Since startup in September 2011, the terminal has been consistently underused because of low demand for gas in Europe. The terminal has received only 14 cargoes – approximately 0.6 mtpa of LNG in 2013 – despite having a capacity of 8.5 mtpa.

The terminal has received one LNG cargo, of 145 thousand cubic metres (Mcm), in 2014. It was delivered in early January and was almost immediately reloaded.

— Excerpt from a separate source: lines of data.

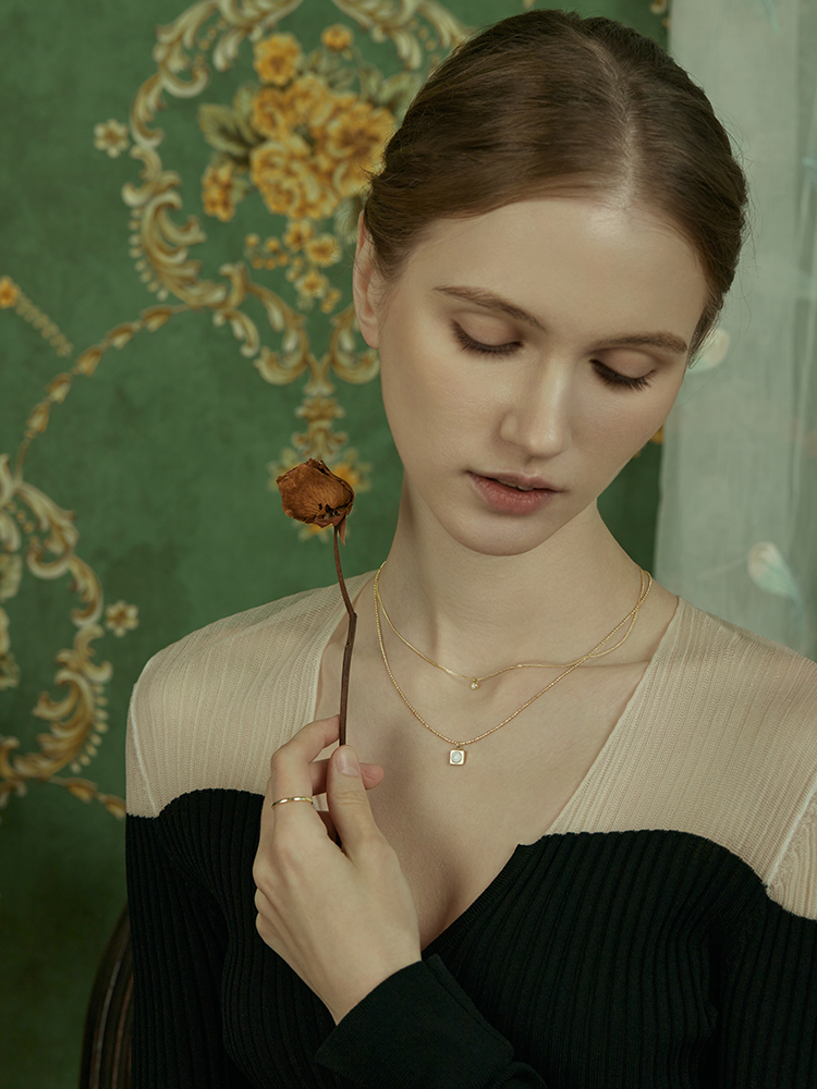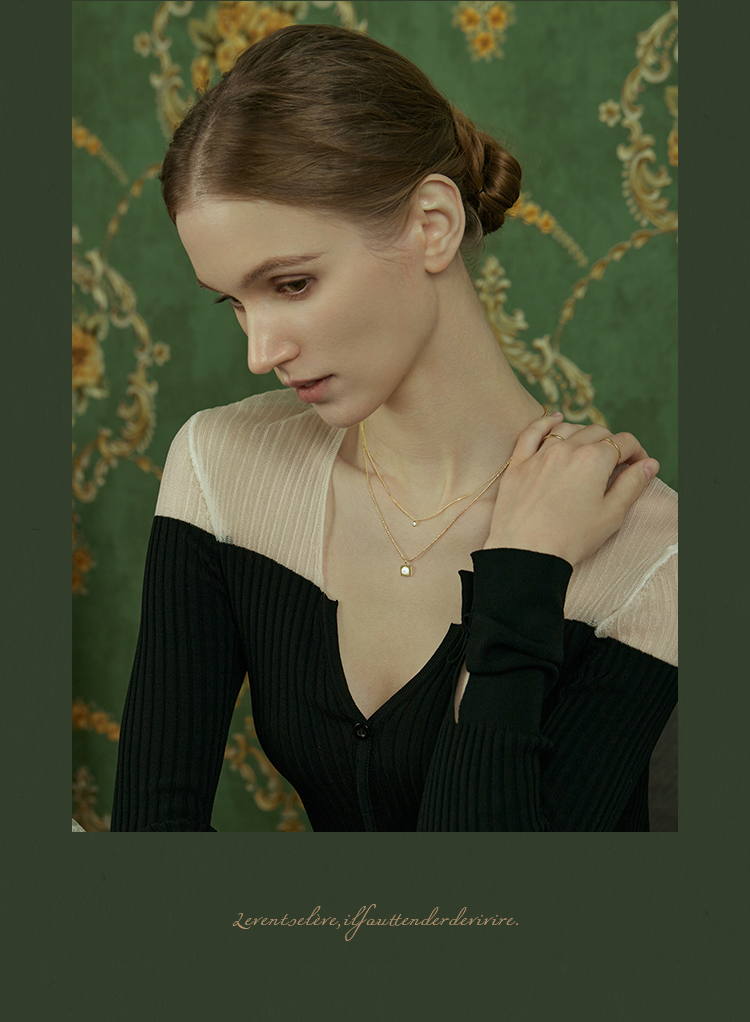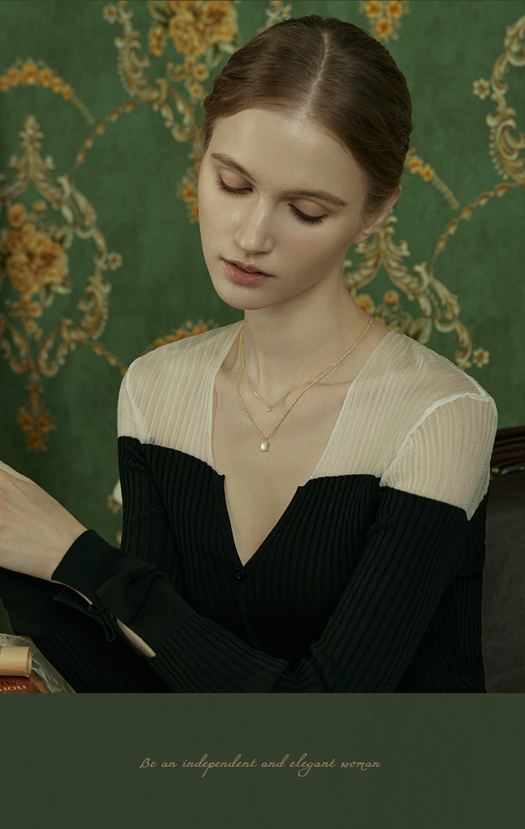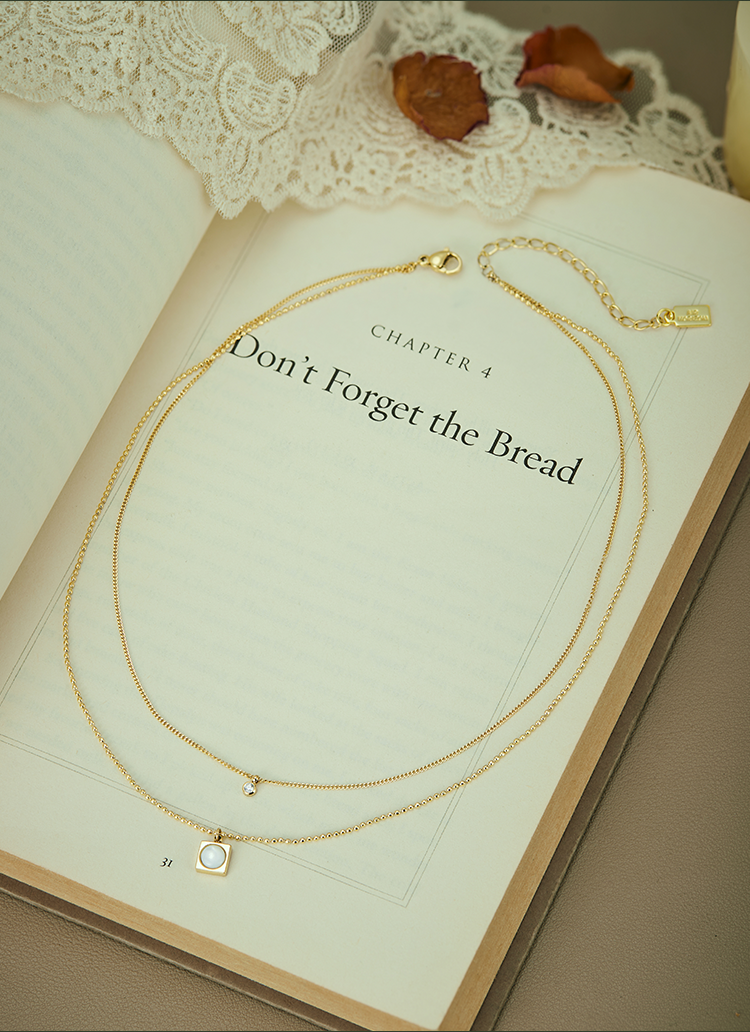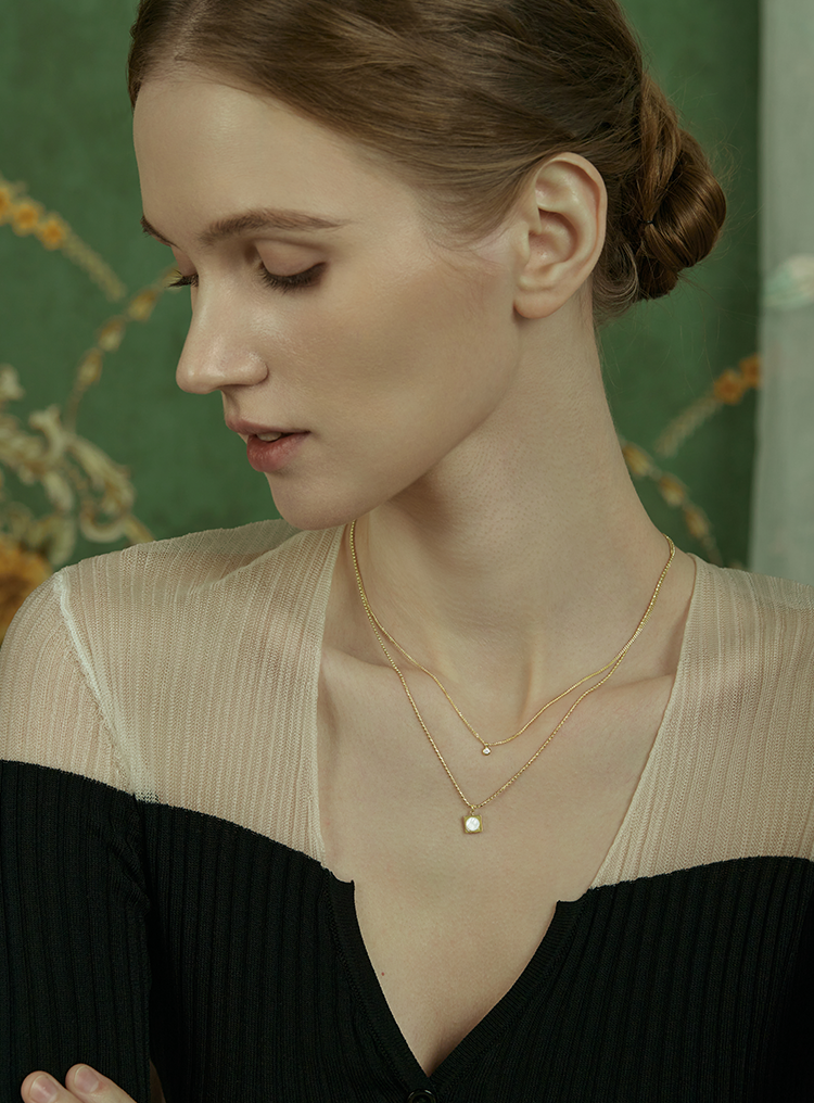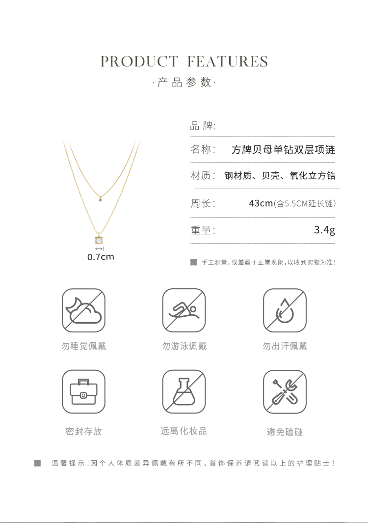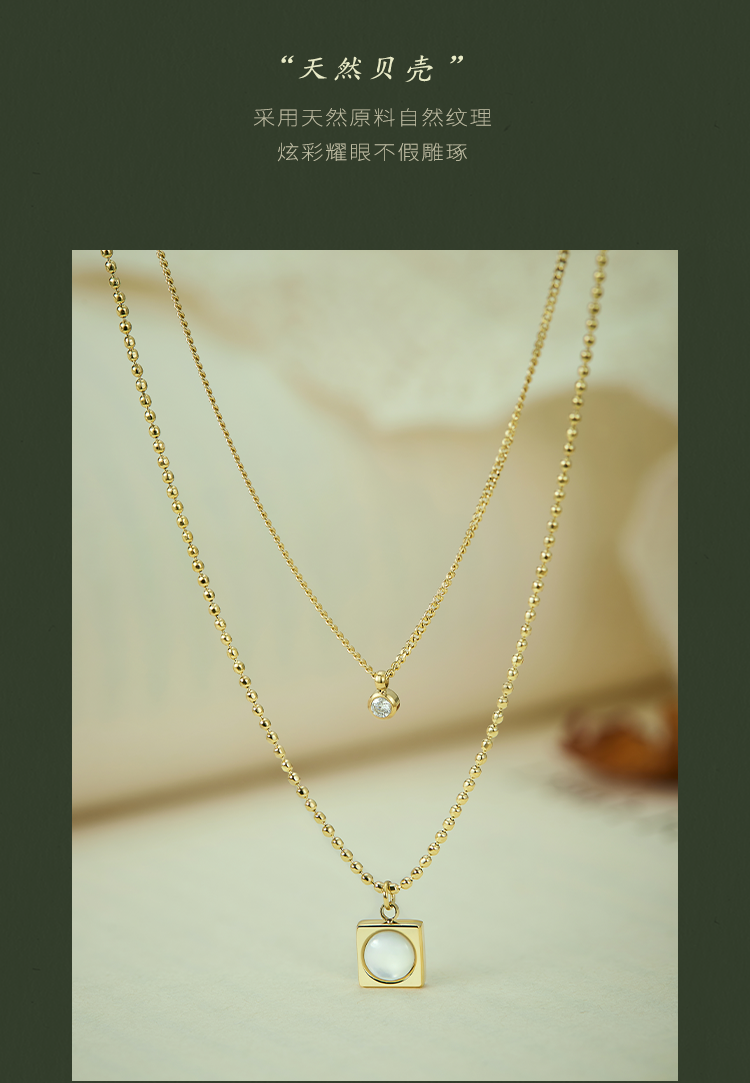 Oflye潮流饰品 高级感小众设计温柔贝壳锆石轻奢项链新款双层叠戴配饰锁骨链女
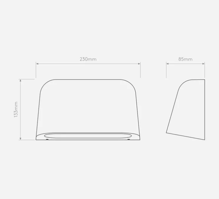 Le luminaire mesure 13,3cm de hauteur, 23cm de largeur et 8,5cm de profondeur. L’ampoule LED n’est pas incluse, il est recommandé d’utiliser 2 ampoules GU10 avec une puissance maximale de 6W chacune. Driver non inclus et dimmable selon le type d’ampoule.. Dotée d’un IP44, l’applique murale s’installe en extérieur mais aussi dans une salle de bain dans une zone 2 et 3.
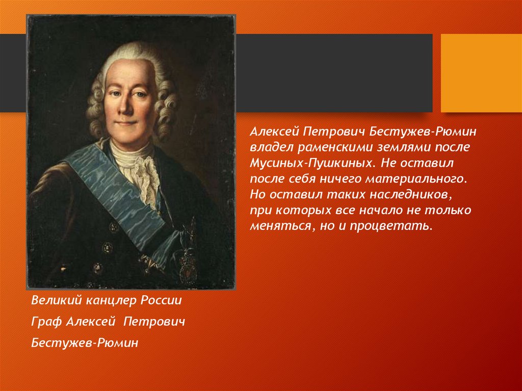 Алексей Петрович Бестужев-Рюминвладел раменскими землями после
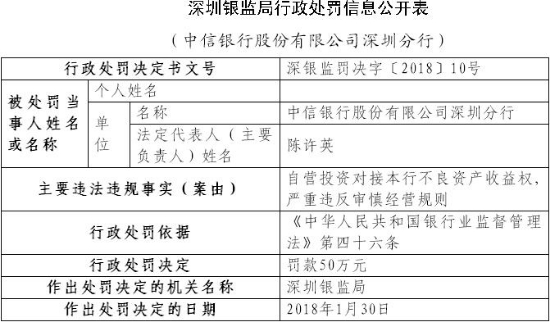 2月26日,深圳银监局公布的行政处罚信息公开表(深银监罚决字〔2018〕10号)显示,中信银行深圳分行自营投资对接本行不良资产收益权,严重违反审慎经营规则。深圳银监局根据《中华人民共和国银行业监督管理法》第四十六条,对中信银行深圳分行罚款50万元。
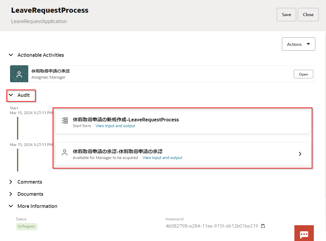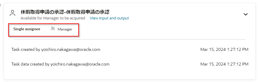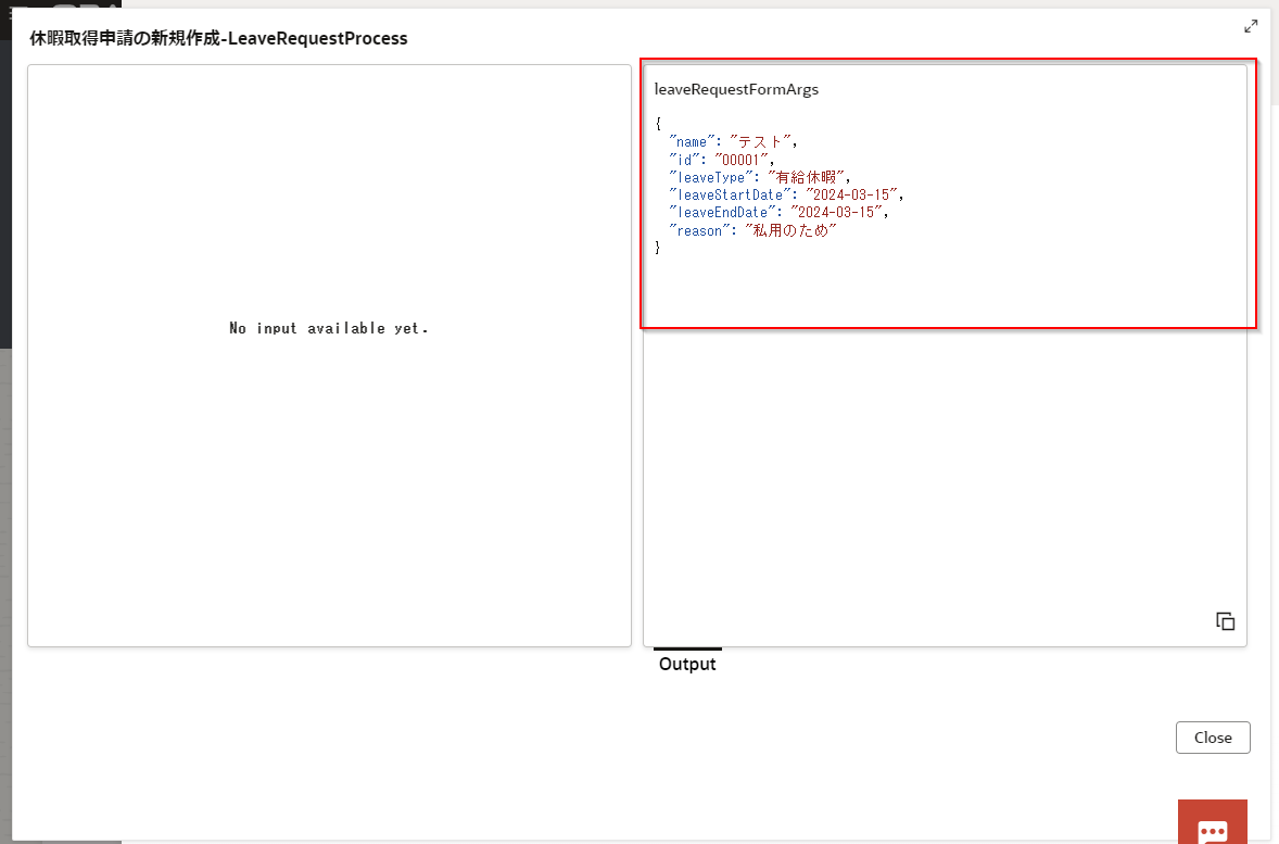 「View input and output」を押すと申請や承認時に入力された値を確認することができます。
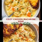 This comforting Chicken Macaroni Soup combines tender chicken, small shell pasta, fresh vegetables, and a rich, cheesy broth enhanced with whole milk and Dijon mustard. Topped with crusty baguette slices and melted shredded cheese, it’s a perfect hearty meal for any season.
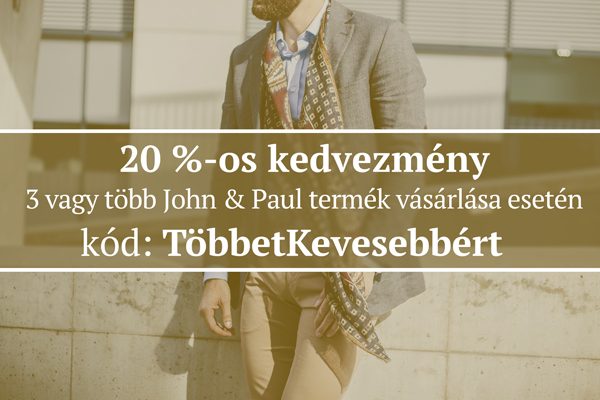 A 20% -os kedvezmény a három vagy több John & Paul termékre, a márka bármely termékének bármilyen kombinációjára vonatkozik, így a korábbi évekhez képest nem csupán három inget lehet kiválasztani.
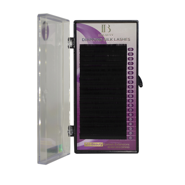Шовкові вії i-BEAUTY Diamond Silk - вії з легким блиском шовку, насичено чорного кольору, середньої жорсткості. Заявлена товщина займає 3/4 довжини вії з поступовим звуженням до кінчика. Виготовлені з гіпоалергенного синтетичного волокна BPT, не заламуються і не деформуються під впливом сонця або вологи. Вії всі рівні, добре і чітко зафіксовані на стрічці.
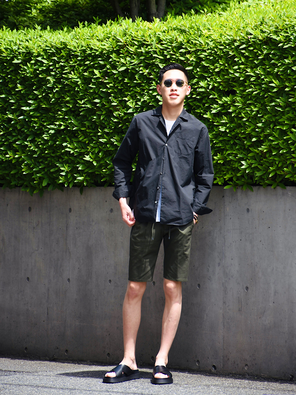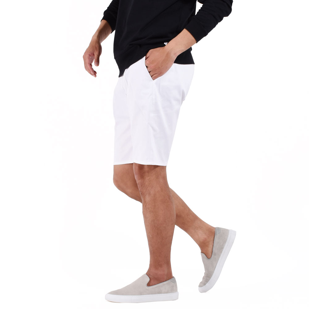 ハリのあるコットン生地を使用したこちらのショーツ。ウエストサイド部分にはゴムシャーリング、そしてドローコードが付属しており、スポーティな印象が特徴的。ワンプリーツ仕様なので、腰回りには少しゆとりがあり、リラックスして着用頂けます。

Offtakers at the terminal began small-scale reloads in September 2013, sending volumes of less than 8 Mcm of LNG to Scandinavia. This was followed by the first conventional-sized LNG reload of 135 Mcm in November.

 

A further four reload cargoes had left the terminal by the end of 2013, taking its total exports to 450 Mcm of LNG, excluding small-scale exports. Including small-scale reloads, the terminal sent out nearly 475 Mcm of LNG in 2013, which is more than a third of all imports.

 

Low demand, ex-ship contracts

 

The rise in the number of LNG reloads is a result of the combination of reduced demand for gas in Europe and countries being tied into ‘ex-ship’ contracts requiring them to take delivery of LNG.

 

The majority of LNG contracts contain clauses allowing shipments to be diverted when not needed, but a number of European contracts require the delivery of cargoes to specific terminals.

 

The Zeebrugge LNG terminal, in Belgium, has supply contracts with Qatar Petroleum, Eni and GDF Suez. Under the contract with Qatar Petroleum, the terminal is required to receive LNG shipments even when they are not needed.

 

Operators would normally be forced to sell expensive LNG into their saturated domestic market for a loss, but reloads offer a way to minimise losses by selling the fuel on the spot-market – often to buyers in Asia and Latin America.

 

Zeebrugge exported around 75% of all LNG it received in 2013. This is set to continue, with the terminal sending out four shipments in the first two months of 2014, one more than the same period of 2013, according to Fluxys. Belgium is supplied by pipelines from the UK, the Netherlands and Norway, meaning it is very secure in its gas supply and can send out reloads on a regular basis.

LNG reloads

Spain reloaded

 

Spain is also tied into receiving LNG, and reloads more cargoes than any other European country. Four of Spain’s six LNG terminals reload LNG and the country sent out a total of 40 cargoes in 2013, according to data from transmission operator Enagas. This was an increase of nine cargoes on 2012.

 

Spain received about 11 mtpa of LNG in 2013, and 2 mtpa of this was sent out as reloads. Spain has sent out six cargoes in the first two months of 2014, amounting to 578 Mcm, which is four cargoes – 430 Mcm – more than the same period last year.

 

Demand for gas in Spain peaked in 2008 and has fallen by 25% over the past six years, according to Enagas. The country has increasingly relied on pipeline connections with Algeria, reducing its LNG deliveries where possible (see Pipelines dominate Spanish imports in 2013, 21 February 2014).

 

France and Portugal also sent out reloads in 2013, but at lower rates than Spain and Belgium. France reloaded 11 cargoes from its three LNG terminals with a combined volume of 1.1 million cubic metres of LNG.

 

The majority of shipments originated from the Fos-Cavaou terminal that started up in 2010, according to the terminal operator Elengy. There have been no reloads from any of the French terminals in 2014.

 

Portugal’s Sines terminal made only one reload in 2013, with a volume of 79 Mcm, according to data from REN Atlantico. The Sines terminal received 29 LNG cargoes in 2013 and two cargoes in 2014, but has made no reloads in 2014.

 

Before the financial crisis, it was expected that the EU Emissions Trading System (ETS) and limiting greenhouse gas emissions would require a large-scale switch away from coal to gas for power generation. The crisis reduced energy demand, however, and a slow recovery has kept it low.

 

This, combined with the failure of the ETS to exert any pressure for utilities to move away from coal, has meant demand for gas in Europe has fallen over recent years. A number of LNG terminals were built with the intention of securing supply in a gas-constrained future and are now struggling to remain viable.